Wednesday, 10 January 2018
Exhibit Hall 3 (ACC) (Austin, Texas)
Compared to a QPF from a deterministic model, an ensemble based QPF provides extensive information, such as forecast uncertainty and probability of heavy rain. Calibration techniques of QPF are required to improve forecast reliability and accuracy. The techniques in operation commonly include the frequency-matching method (FMM) (Zhu et al., 2015) and the probability match method (PMM) (Elbert 2001). This study proposes a new calibration method of QPF, named as the optimal percentile method (OPM), which is applied to obtain the most likely QPF outcome with assistance of the FMM and the PMM. Firstly, based on the QPF and the corresponding observation in the same time period and the same forecast lead-time, the OPM is used to calculate the threat score (TS) and the Bias score (BS) for the different ensemble percentiles, select the percentile which can obtain the highest TS from the specified range of BS, and then apply this optimal percentile value into QPF. Secondly, the percentile forecast is further calibrated by the FMM, in order to eliminate the discontinuity of QPF. Finally, the spatial distribution of QPF is adjusted with the probability match method, in order to further reduce the position prediction error of the QPF.

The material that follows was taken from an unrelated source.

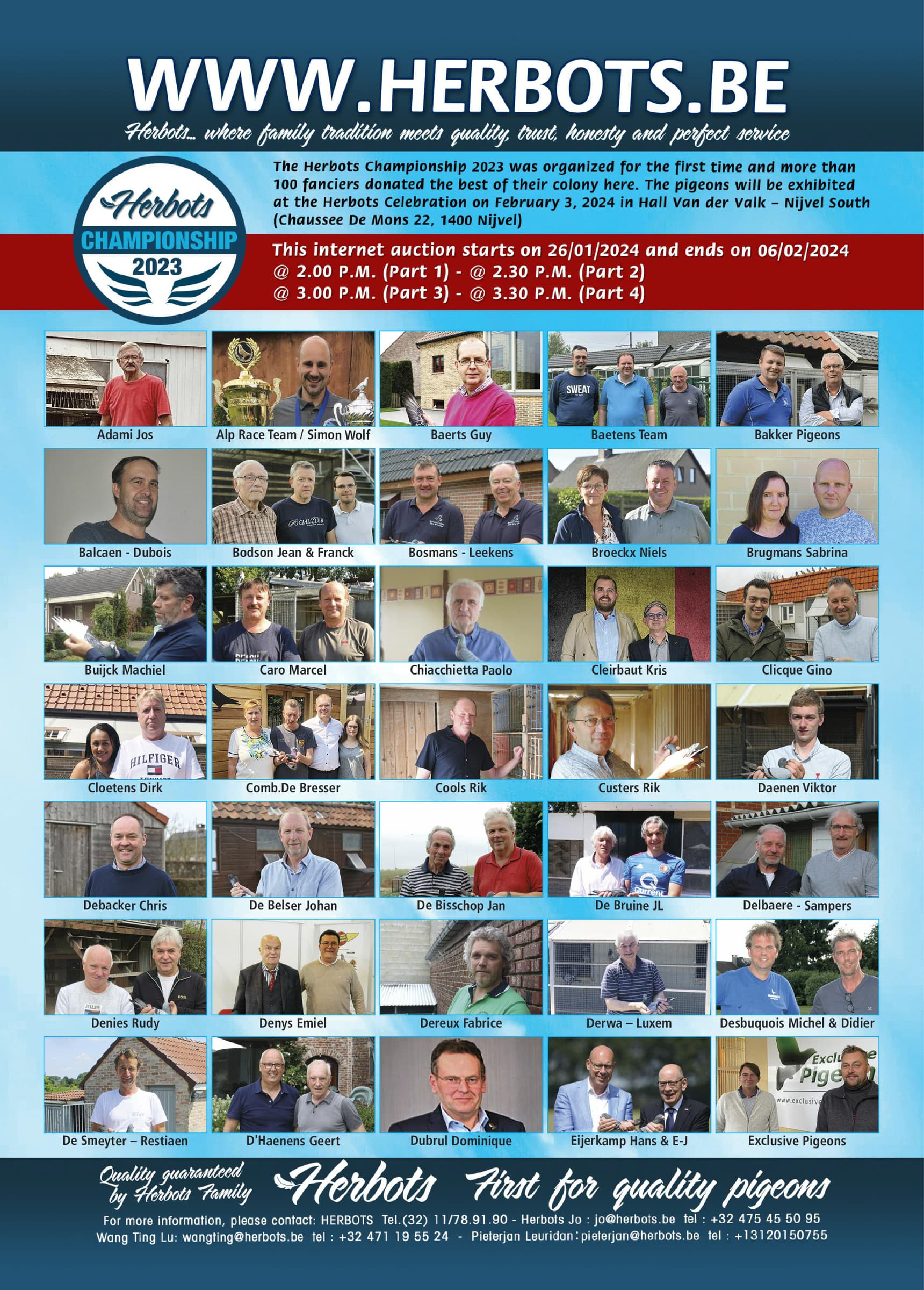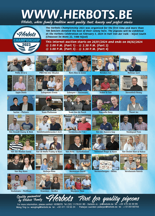 De duiven worden tentoongesteld op de Herbots Celebration op 3 februari 2024 in Hall Van der Valk – Nijvel Zuid (Chaussee De Mons 22, 1400 Nijvel)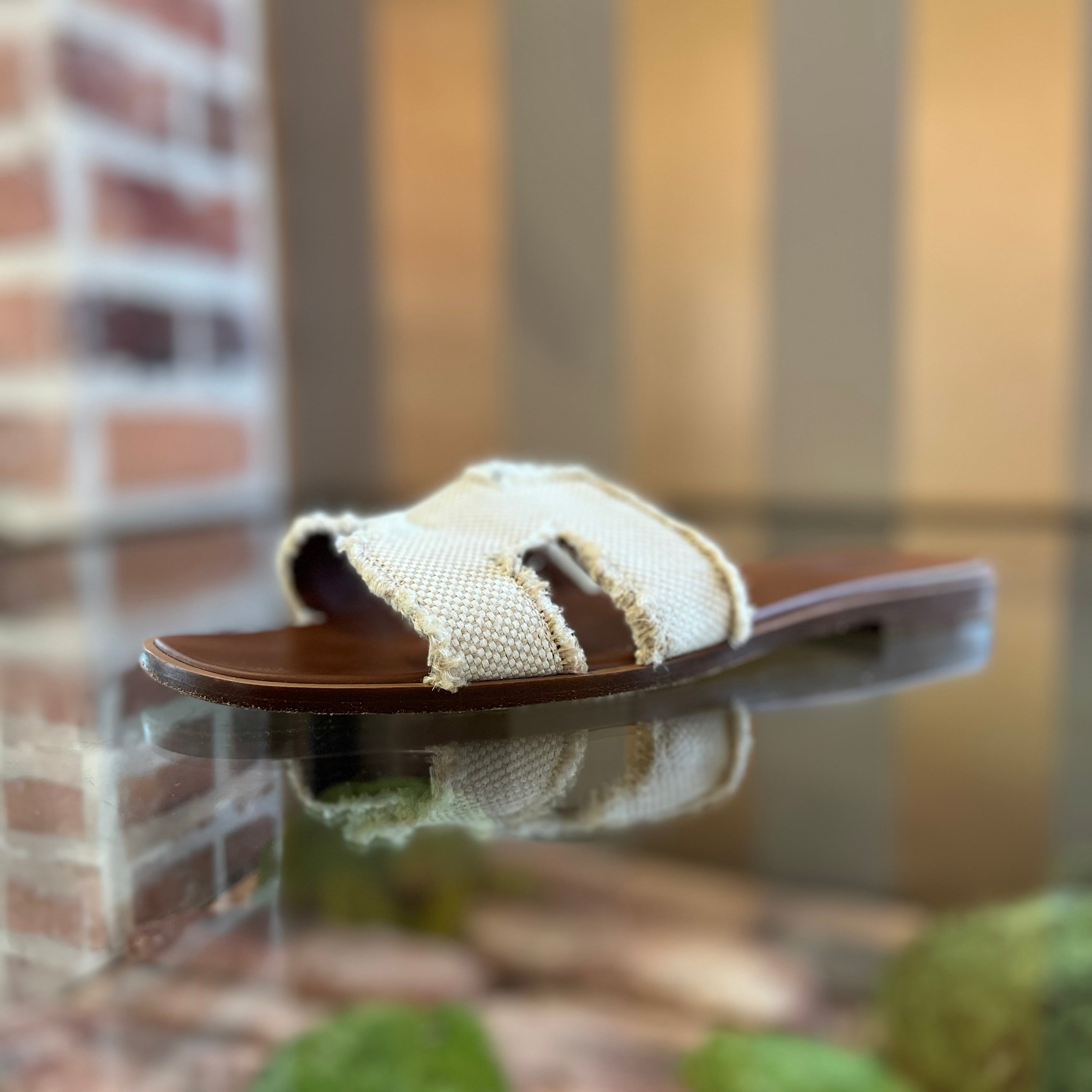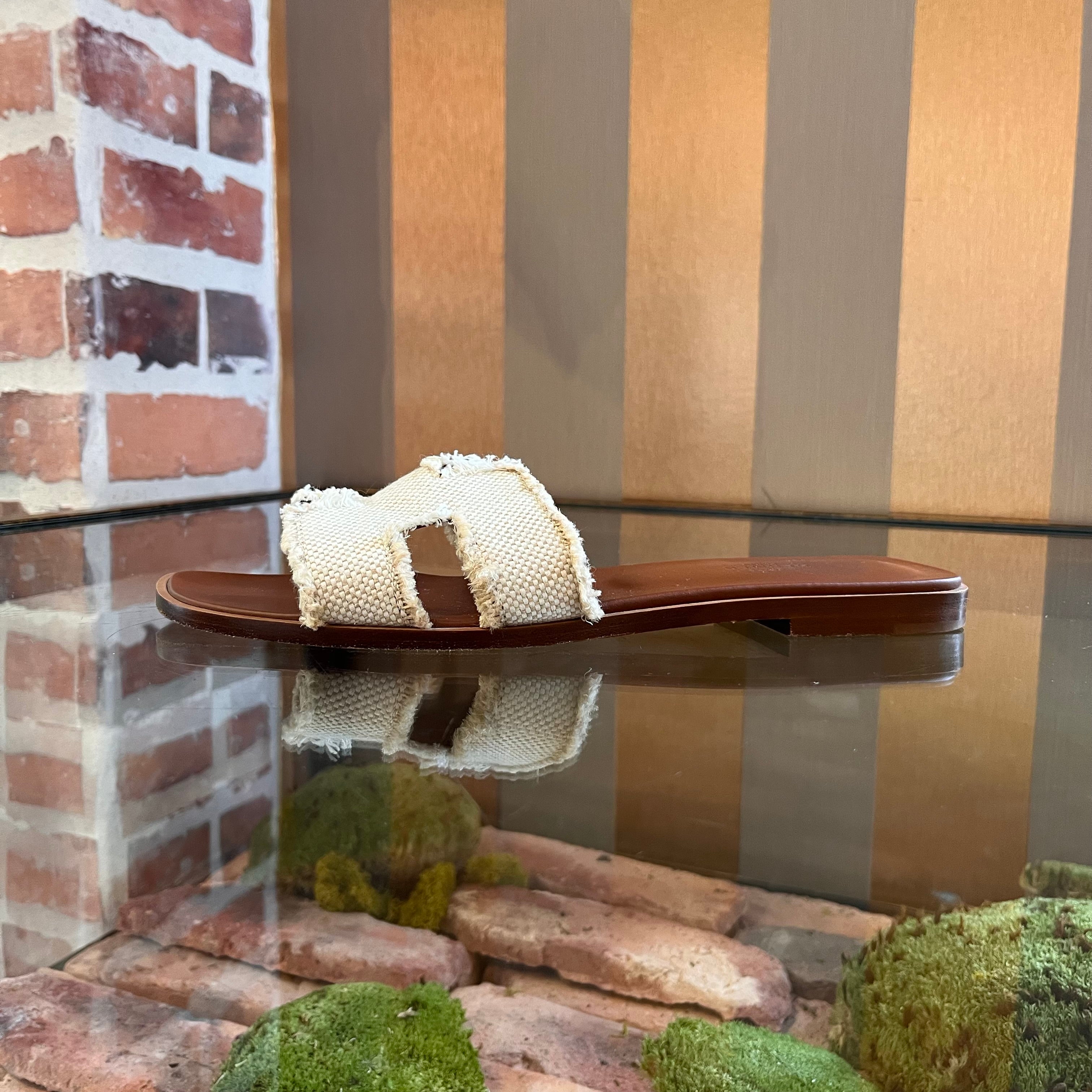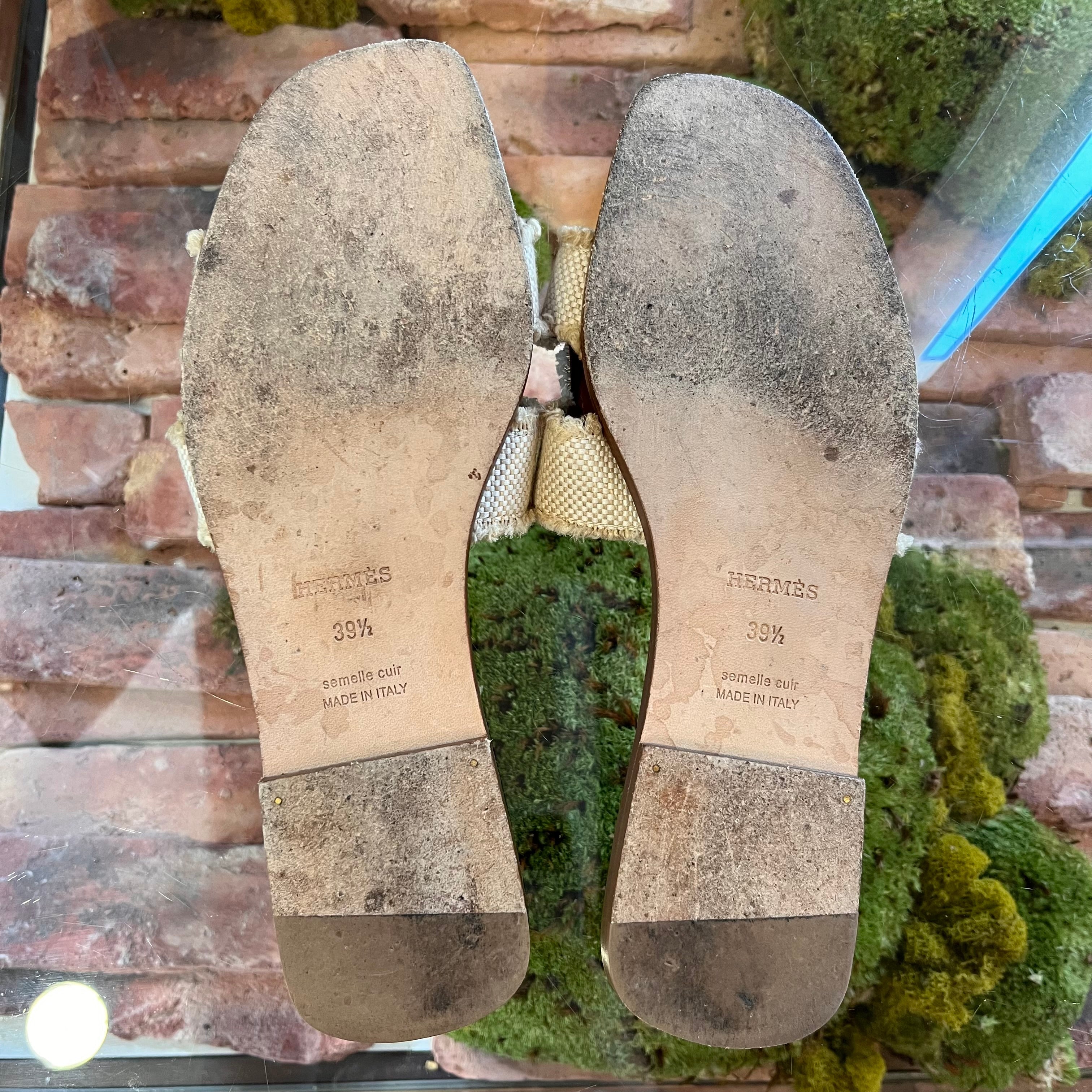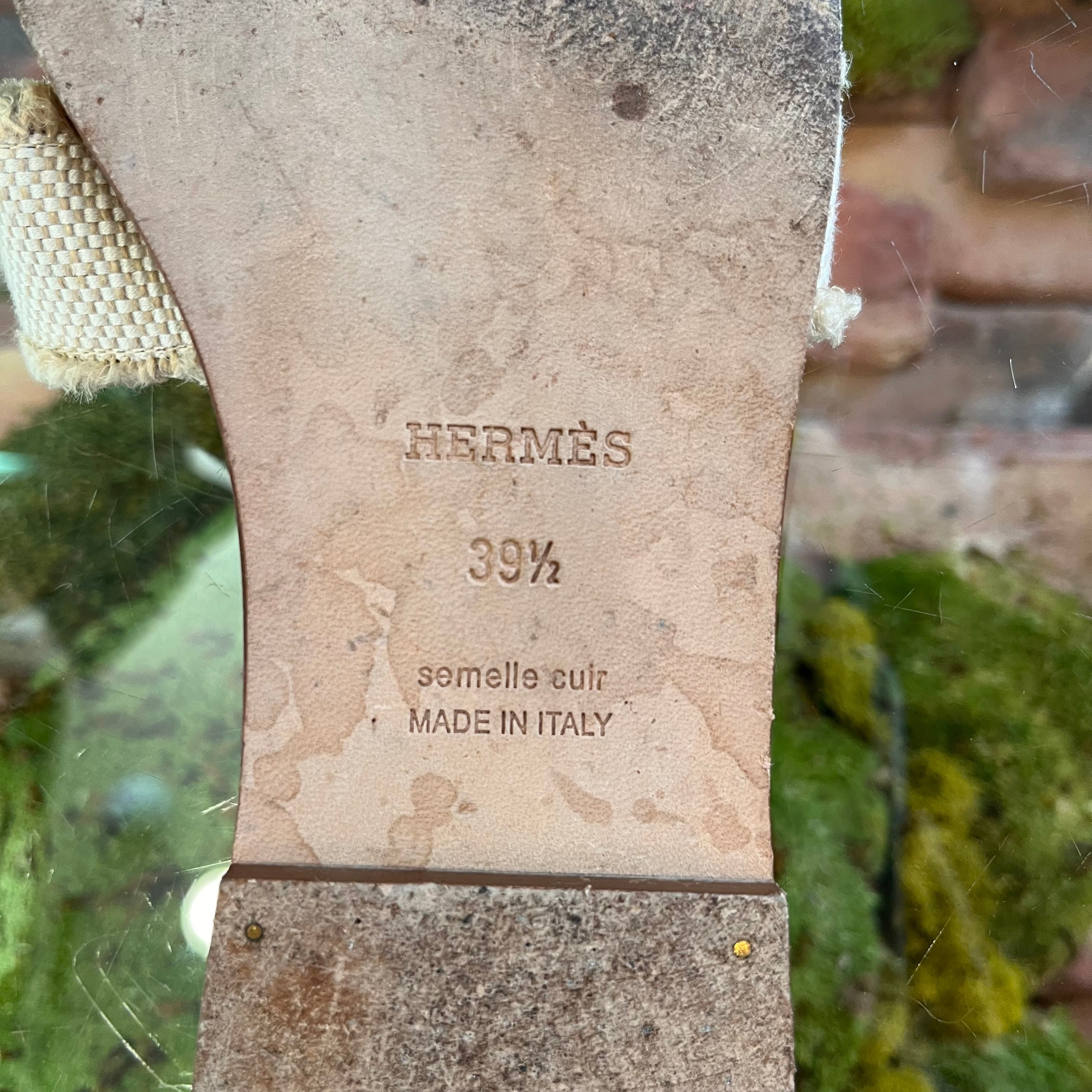 HERMES Beige Linen Canvas Oran Sandals SZ 39.5 (US 9.5)

In the context of 2011-2014 ECMWF ensemble based PQPF and corresponding in-site observation over China, the optimal percentiles for different forecast hours are calculated and then applied to the QPF of 2015 summer rainfall. The result shows that TS scores for the heavy rain of 12-36 hour forecast (≥50 mm / day) can be improved from 0.166 (best TS from deterministic forecast) to 0.206, which is also higher than the FMM and PMM alone. The improvement is significant for medium-range forecast of all thresholds, with TS increased by 47.4% for 132-156 hours lead-time for heavy rain. Additionally, the OPM has reduced the amount of false alarm as appropriate. The cases show that the OPM can improve the QPF in the following aspects: 1) to enhance the precipitation amount effectively, or to expand the heavy precipitation area when the uncertainty is large.; 2) to capture the possible occurrence of heavy rainfall events, and indicate the most likely location (especially for medium and long range forecasts); 3) to predict the strong precipitation area that is missing from the deterministic forecast; and 4) to provide valuable correction for heavy rainfall location.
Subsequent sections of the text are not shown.